# Task brief:
Start to finish, print the entries exactly, and carry none of the pictures over.

# Given entries:
*-*-*
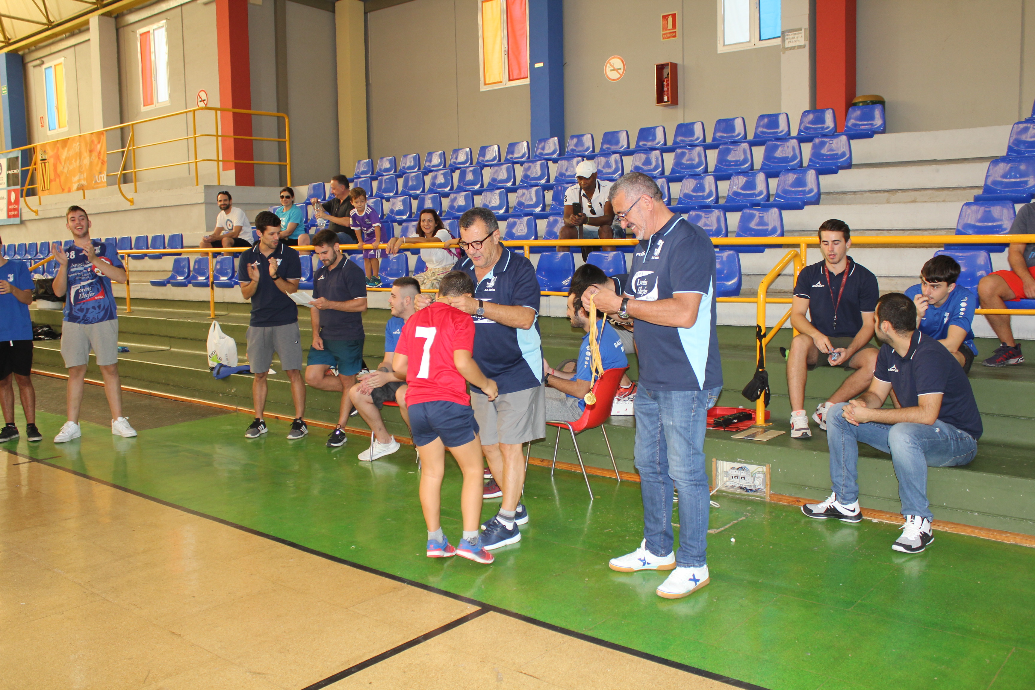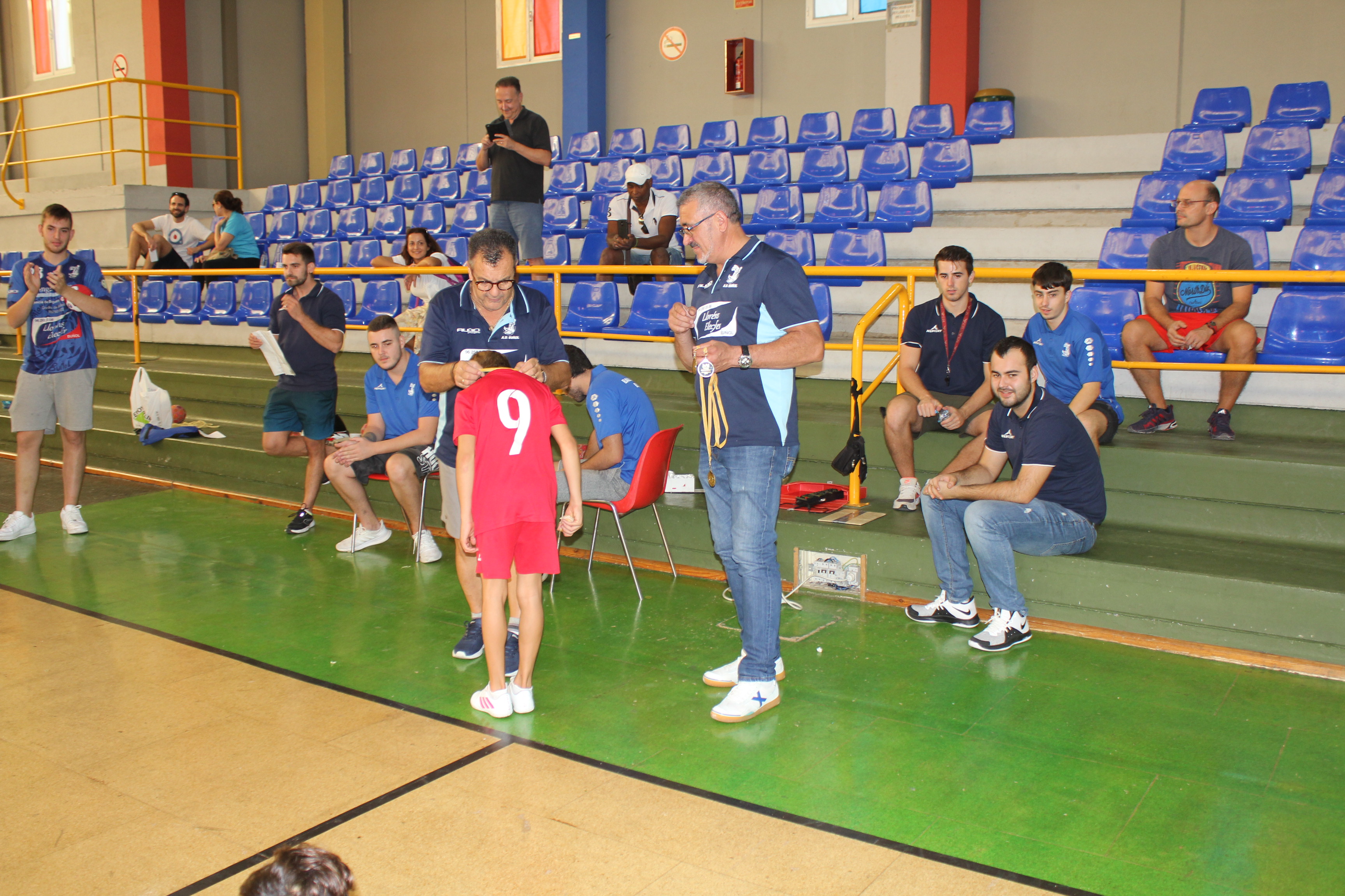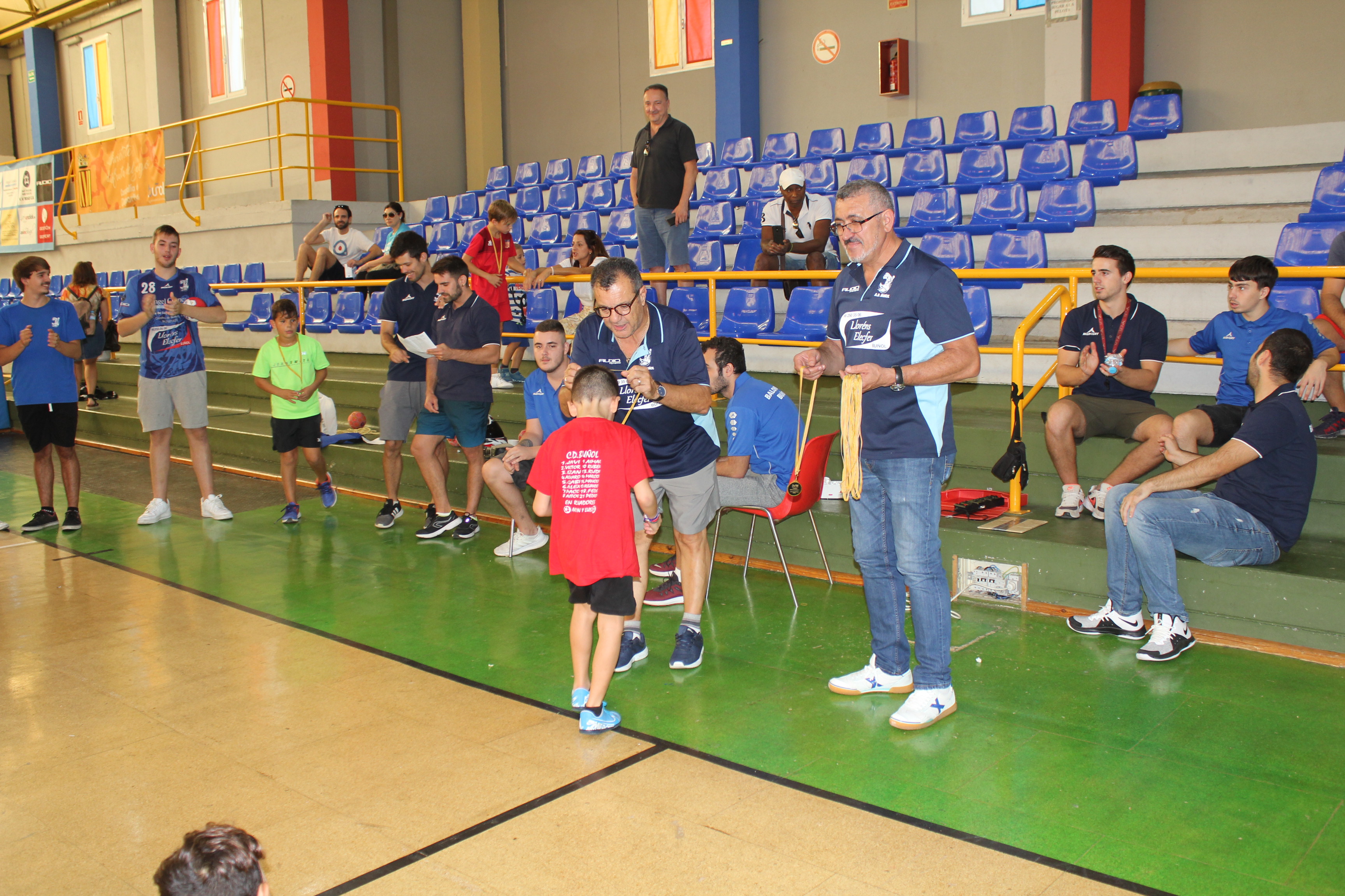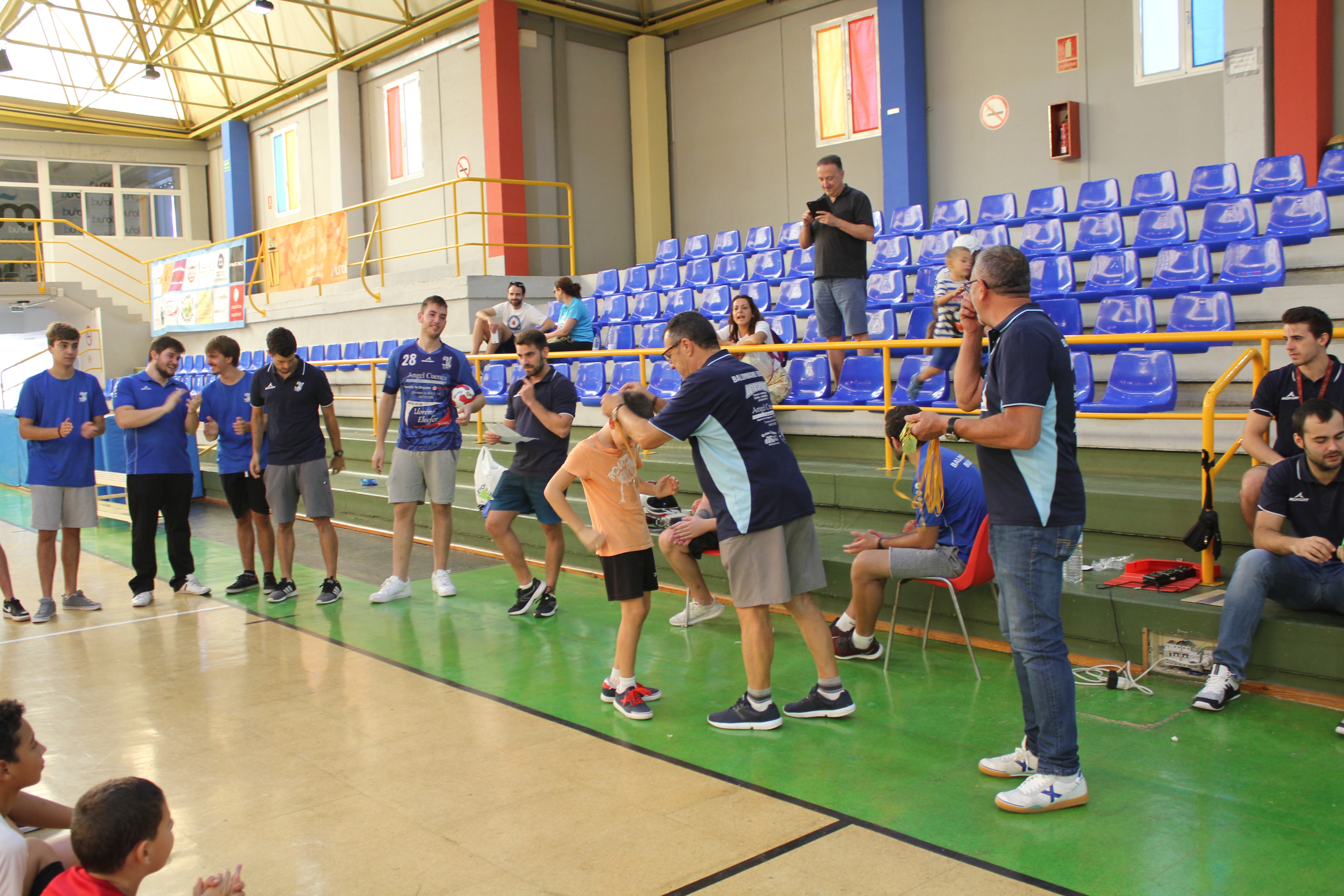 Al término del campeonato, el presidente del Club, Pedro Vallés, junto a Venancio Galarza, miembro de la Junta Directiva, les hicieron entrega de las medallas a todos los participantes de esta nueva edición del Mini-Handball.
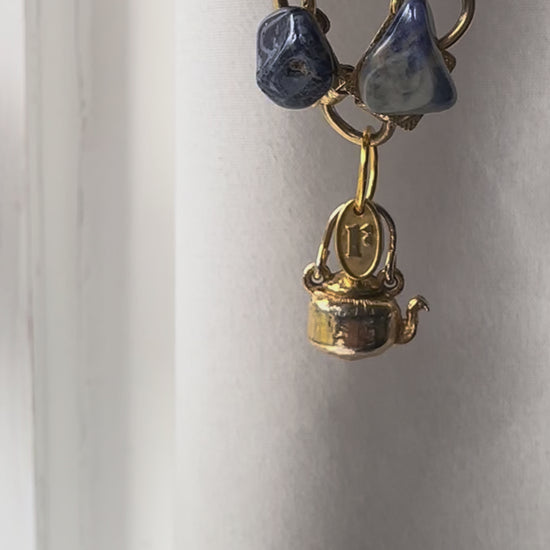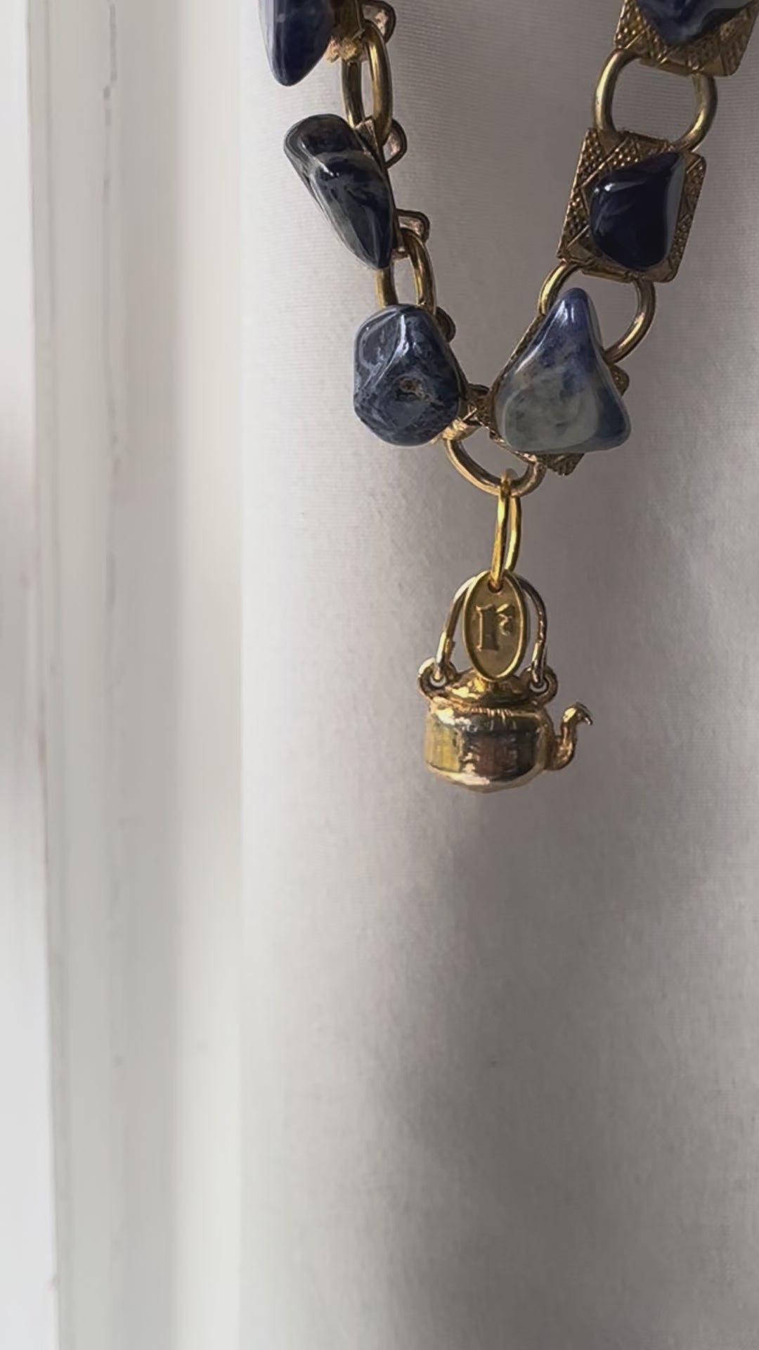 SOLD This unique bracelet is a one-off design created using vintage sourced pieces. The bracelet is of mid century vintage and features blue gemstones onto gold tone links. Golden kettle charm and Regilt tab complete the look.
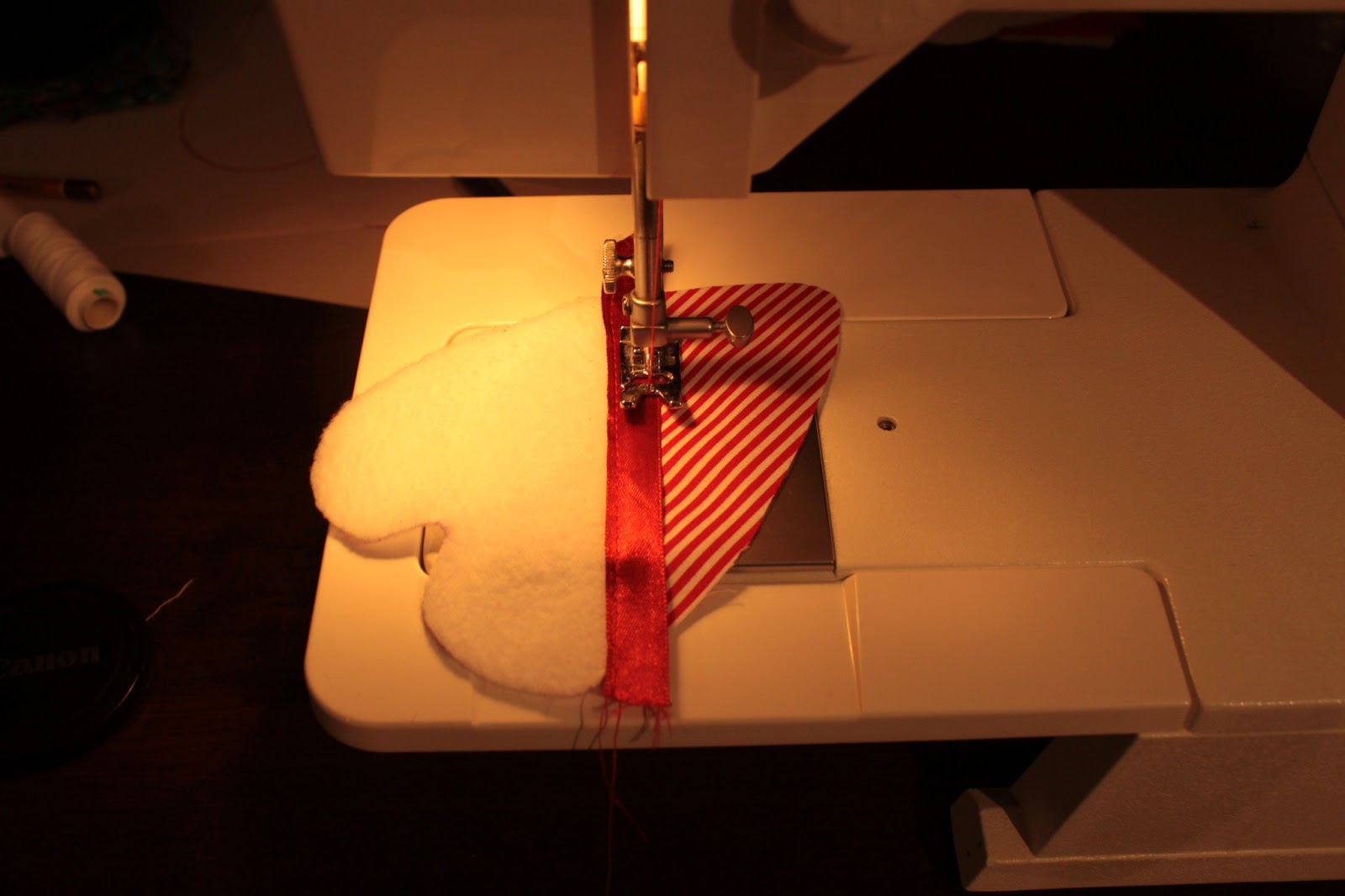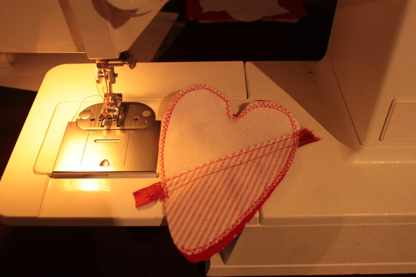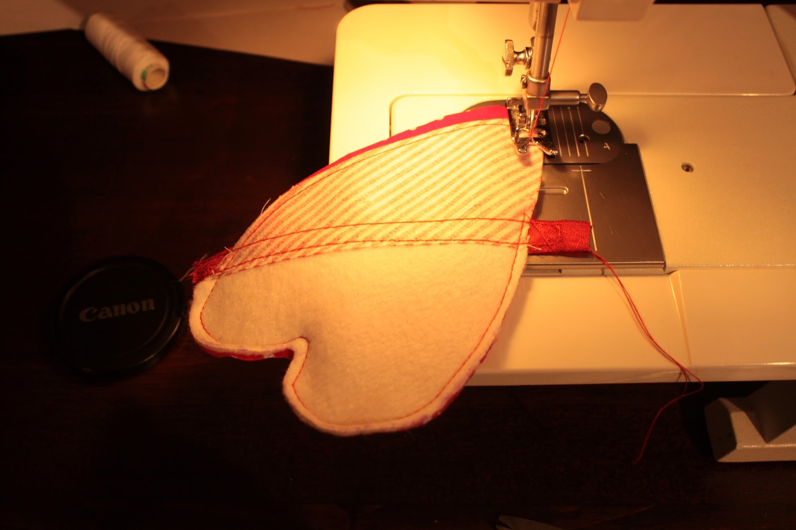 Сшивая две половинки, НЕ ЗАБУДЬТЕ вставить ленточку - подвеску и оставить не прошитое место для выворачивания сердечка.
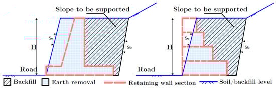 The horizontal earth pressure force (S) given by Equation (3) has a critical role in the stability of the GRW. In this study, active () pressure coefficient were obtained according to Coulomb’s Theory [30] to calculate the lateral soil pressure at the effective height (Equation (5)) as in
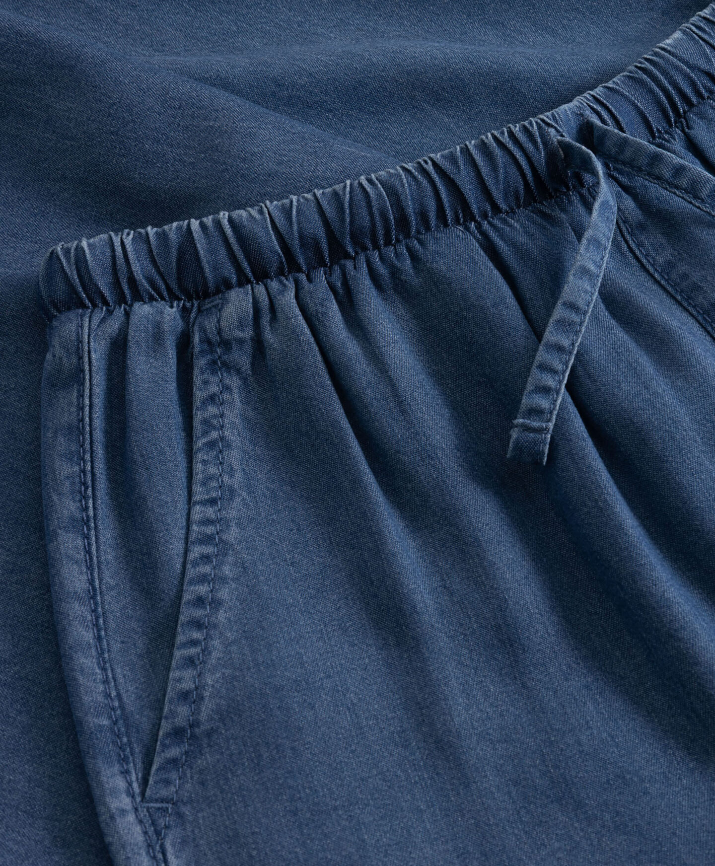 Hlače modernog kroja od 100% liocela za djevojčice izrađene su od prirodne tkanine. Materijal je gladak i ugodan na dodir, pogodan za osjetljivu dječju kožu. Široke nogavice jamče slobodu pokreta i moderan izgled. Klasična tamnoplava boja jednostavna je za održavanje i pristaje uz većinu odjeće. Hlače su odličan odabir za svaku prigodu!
*-*-*
# The completed task:
 Al término del campeonato, el presidente del Club, Pedro Vallés, junto a Venancio Galarza, miembro de la Junta Directiva, les hicieron entrega de las medallas a todos los participantes de esta nueva edición del Mini-Handball.
 SOLD This unique bracelet is a one-off design created using vintage sourced pieces. The bracelet is of mid century vintage and features blue gemstones onto gold tone links. Golden kettle charm and Regilt tab complete the look.
 Сшивая две половинки, НЕ ЗАБУДЬТЕ вставить ленточку - подвеску и оставить не прошитое место для выворачивания сердечка.
 The horizontal earth pressure force (S) given by Equation (3) has a critical role in the stability of the GRW. In this study, active () pressure coefficient were obtained according to Coulomb’s Theory [30] to calculate the lateral soil pressure at the effective height (Equation (5)) as in
 Hlače modernog kroja od 100% liocela za djevojčice izrađene su od prirodne tkanine. Materijal je gladak i ugodan na dodir, pogodan za osjetljivu dječju kožu. Široke nogavice jamče slobodu pokreta i moderan izgled. Klasična tamnoplava boja jednostavna je za održavanje i pristaje uz većinu odjeće. Hlače su odličan odabir za svaku prigodu!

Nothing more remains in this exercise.